My wall is hip hop. The condition amusia stops people from enjoying music. I may have selective amusia for hip hop. It’s not that I dislike it or find it annoying; my brain doesn’t recognise it as music. Listening to Lil Uzi Vert’s much-hyped Eternal Atake felt like reading Egyptian hieroglyphics and seeing birds and snakes and ears of grain: I have understanding, but it’s of the wrong sort and won’t let me decode the language. I have ample exposure to hip-hop: I’ve been listening to it unwillingly through car windows and gym PAs and TV shows for nearly thirty years. I should get it by now, and the fact that I still don’t makes me feel disabled.
I don’t have opinions on this album, I have questions, many of them stupid.
1) What’s the appeal of listening to someone else brag about owning things? Rap aficionados always defend this as rags-to-riches storytelling, but most rap isn’t about striving to be rich, it’s about simply being rich. The first song (and the second, and the third) reduces to”I drive a cool car”. So what? Where’s the struggle? Uzi could have gotten that Mercedes-Benz from his dad, for all I know.
2) Why do all rappers now have “Lil” in their name? My understanding is that the ubiquitous rap cognomen was once “Big” (Big Daddy Kane, the Notorious BIG, Big Boi) and now it’s “Little” (Lil Yachty, Lil Peep, Lil Peep). When did this shift occur? Is Biggie Smalls the transitional fossil?
3) Why are so many of these “Lil” rappers actually…not Lil? Lil Yachty is 1.8m tall. Lil Peep was 1.85 m tall. Lil Uzi Vert is just 1.63m, but he’s built like an NPC bodybuilder. Are they “Lil” in the sense of being young and hungry? What will they do when they turn 40 or 50? Don’t they think they’ll live that long?
4) Should these albums come with a glossary for idiot white people? At one point Uzi says “Man, she asked for some racks” and I thought his girlfriend was asking for breast implants in the weirdest way possible. Actually, a rack is a thousand dollars.

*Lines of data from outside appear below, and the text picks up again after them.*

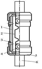 Рис. 3.11. Предохранитель серии ПР: а - разрез; б - ампер-секундная характеристика; 1 - фибровая трубка; 2 - плавкая вставка; 3 - латунная втулка; 4 - болтовой контакт ножа с плавкой вставкой; 5 - латунный колпачок; 6 - медный контактный нож
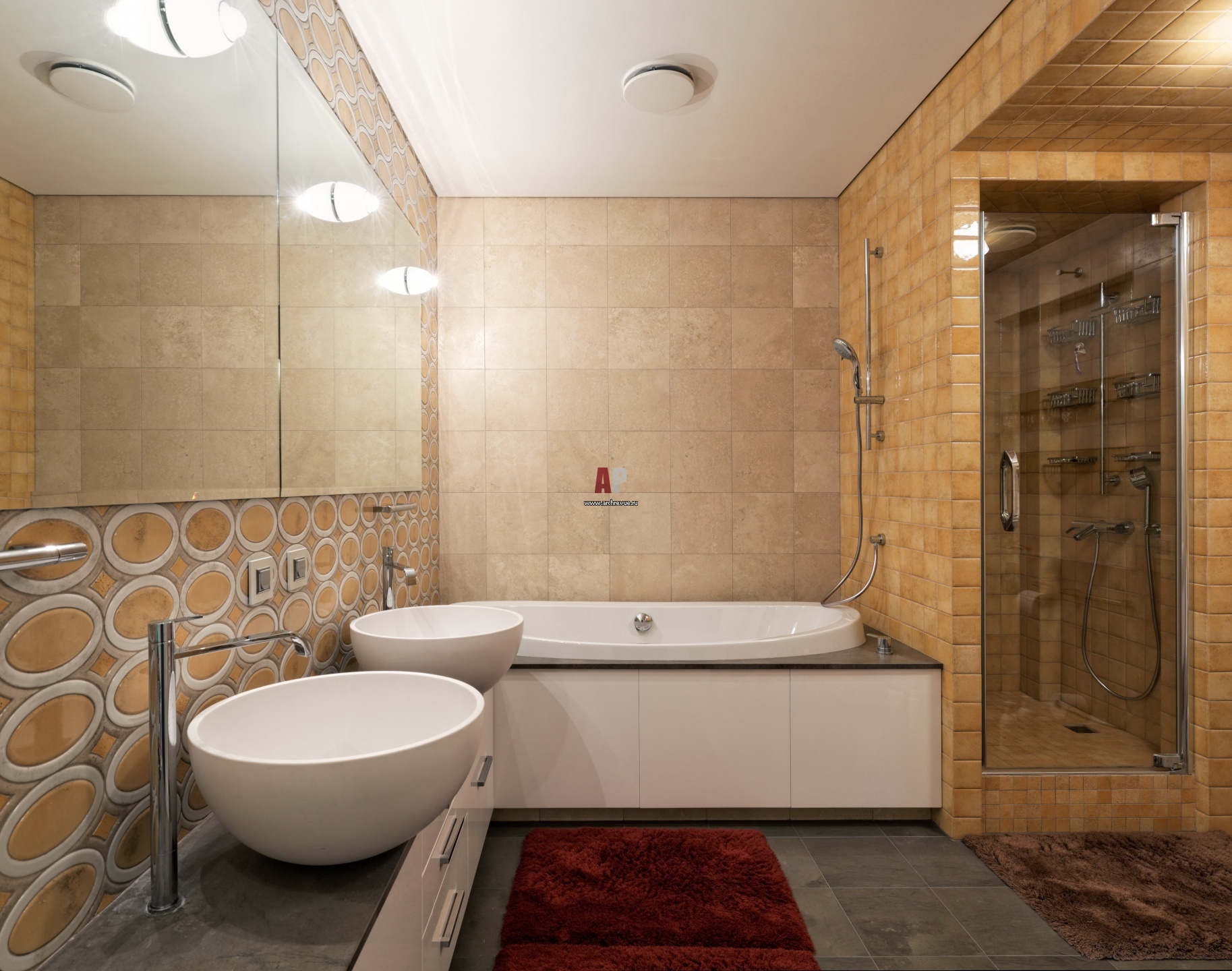 Декоративная тема детского санузла – круг. Керамогранит, CottoVeneto и Ceramica di Treviso. Сантехника, Antonio Lupi, Flaminia.
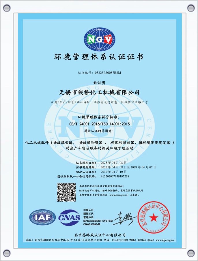 環(huán)境管理體系認證證書
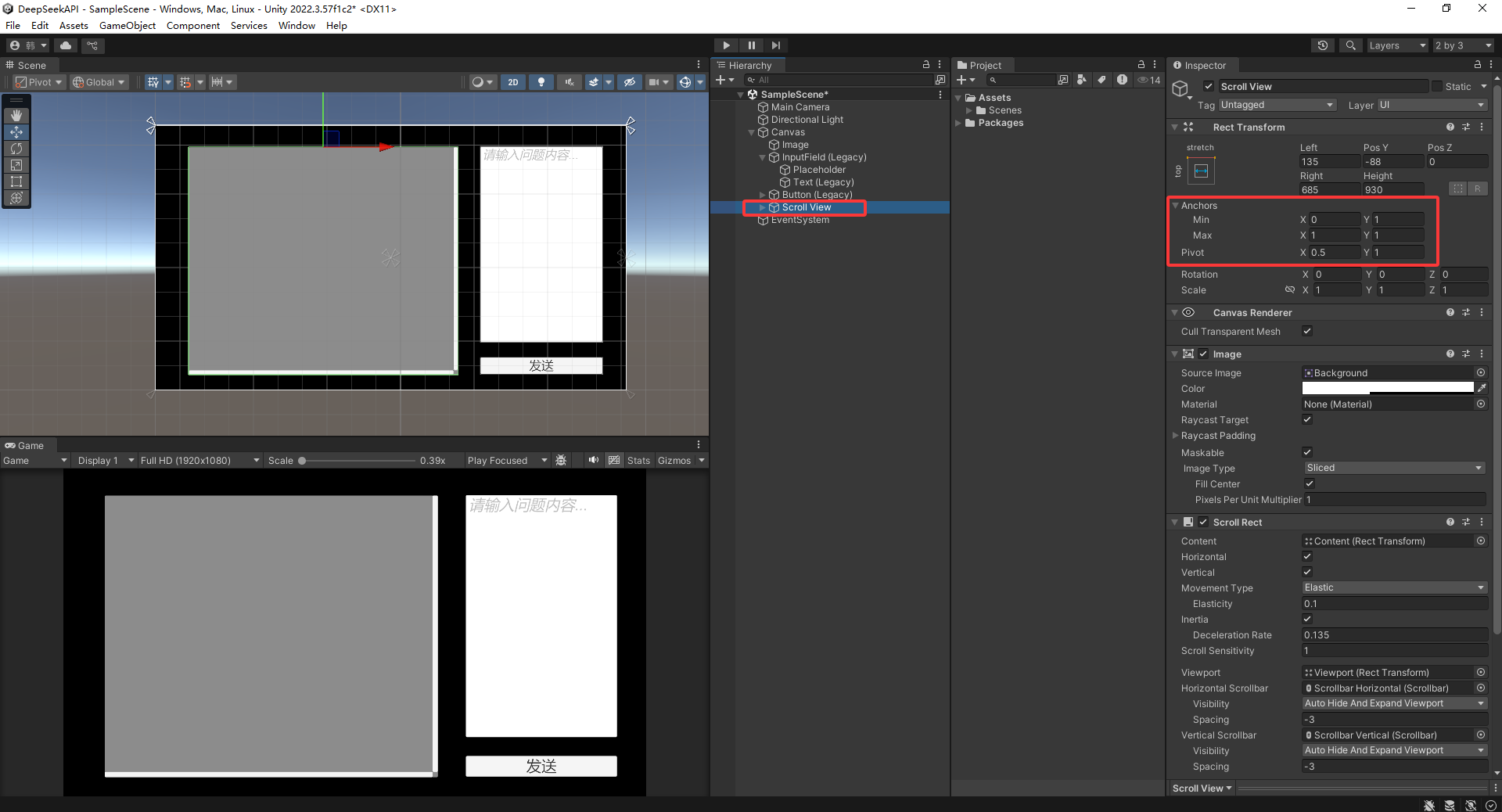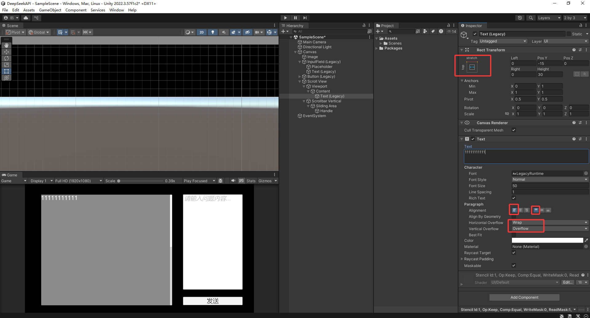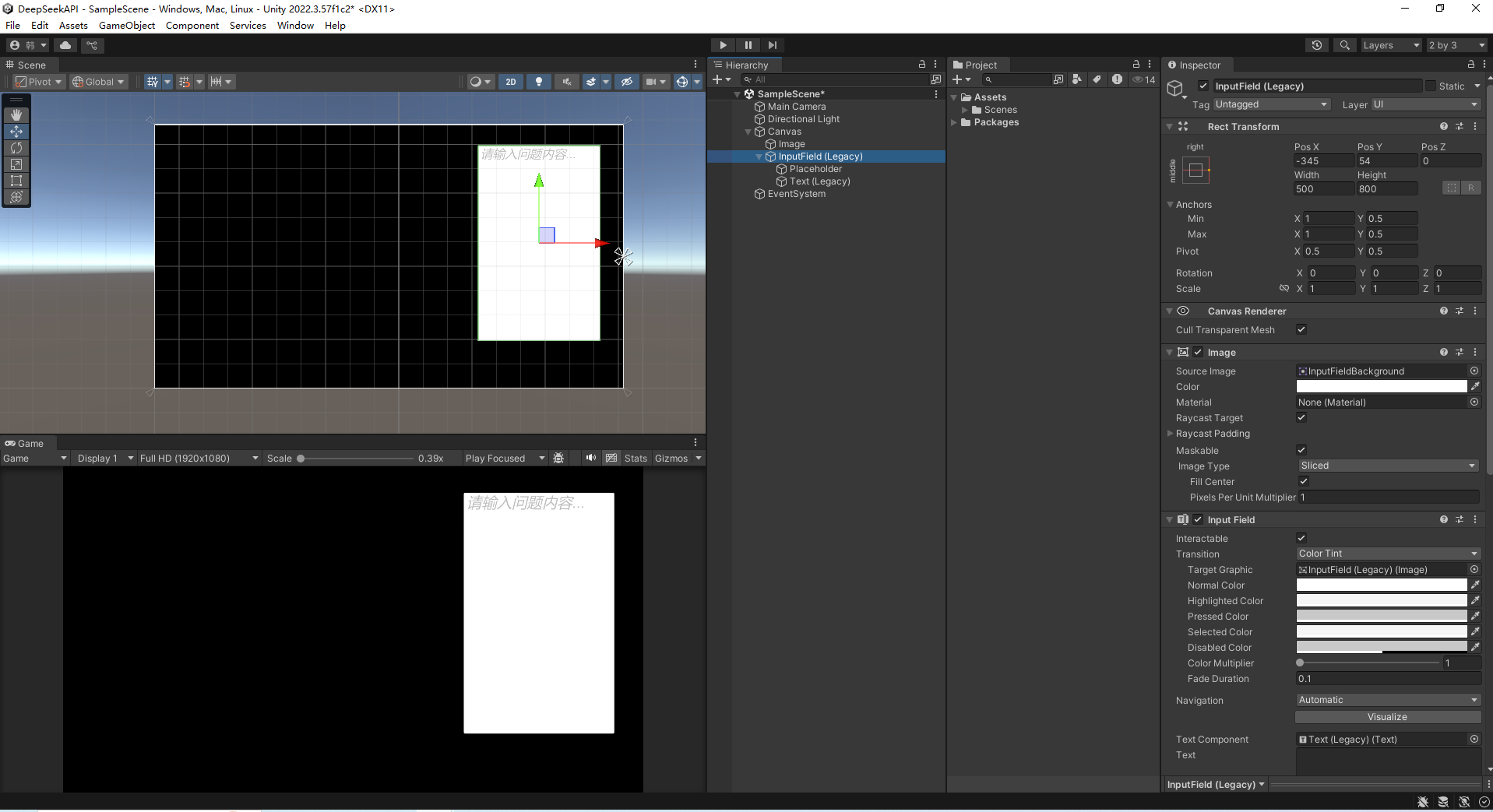 有了 DeepSeek的密钥之后 在Unity中创建一个项目
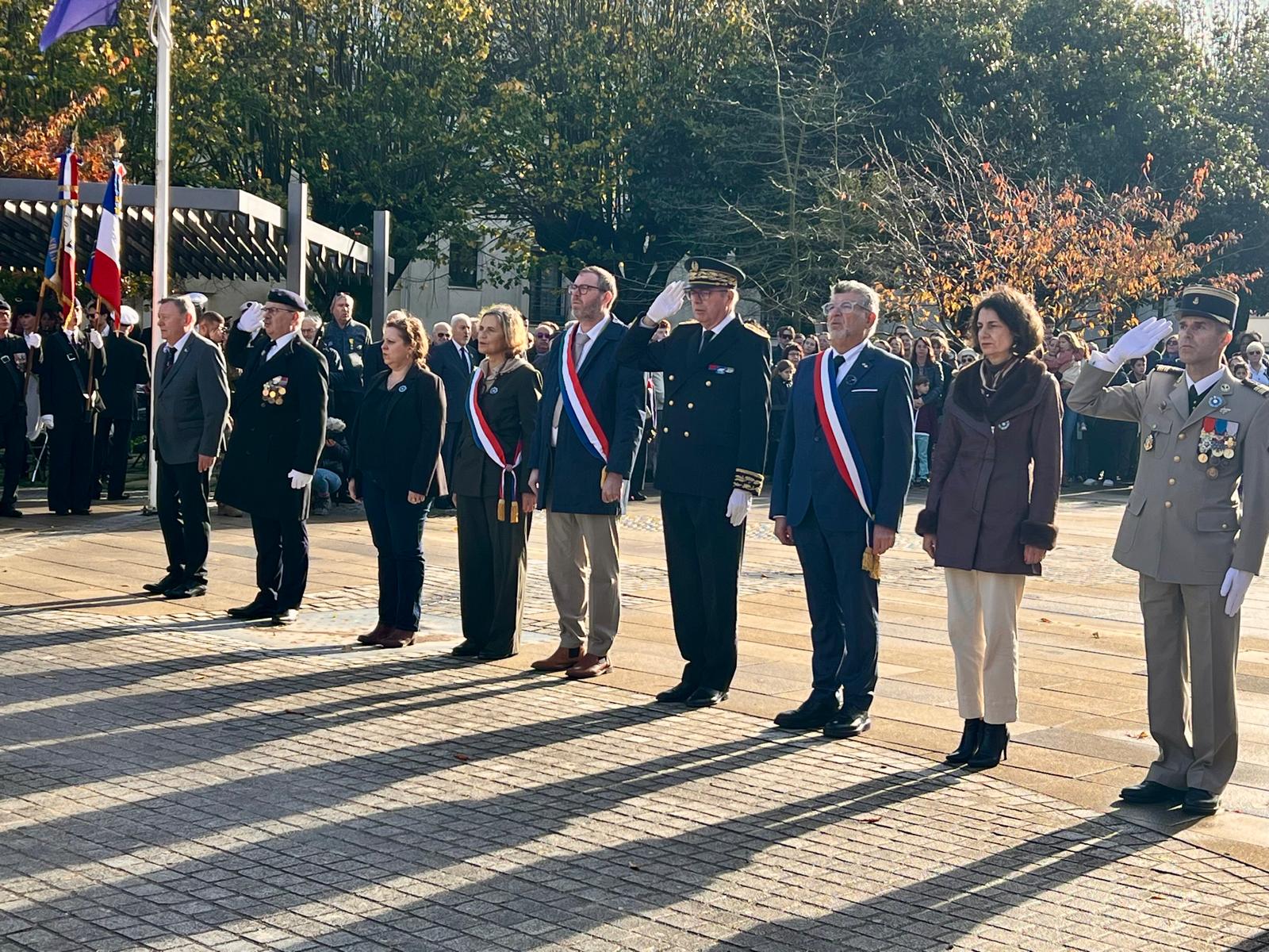 Comme chaque année s'est déroulée la cérémonie du 11 novembre place Simone Veil à La Roche-sur-Yon. L'ANMONM Vendée y était représentée entre autres par sa présidente Michèle Peltan et son porte-drapeau Philippe Potier. Au cours de la cérémonie, Monsieur Gérard Gavory, Préfet de la Vendée, a donné lecture du message de Madame Catherine VAUTRIN, ministre des Armées et des Anciens combattants et de Madame Alice RUFO, ministre déléguée auprès de la ministre des Armées et des Anciens combattants
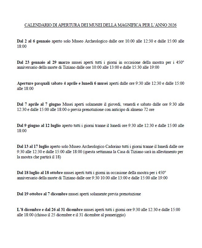 Per INFO dettagliate sui musei consultate le pagine dedicate alla Casa Natale di Tiziano e al MARC (Museo Archeologico Cadorino).

5) Why are the most memorable parts of rap always borrowed from things that aren’t rap? The “hit” of Eternal Atake is “That Way”, which samples the vocal hook of “I Want it That Way”. I won’t say Uzi just steals the chorus of a Backstreet Boys song – he interpolates it in a fairly creative way – but it’s still not exactly is. Samples can enhance a song, but when the only interesting thing about a song is its samples, shouldn’t you just listen to the original track?
6) Is this what growing old feels like? The years becoming a slow-acting acid that melts away my eyes and ears and nose, gradually destroying any connection to current culture? Locking me inside my head, until all I can do is look inwards? The older I become, the more I remember the past. And the more time I spend in the present, the less time it spends in me.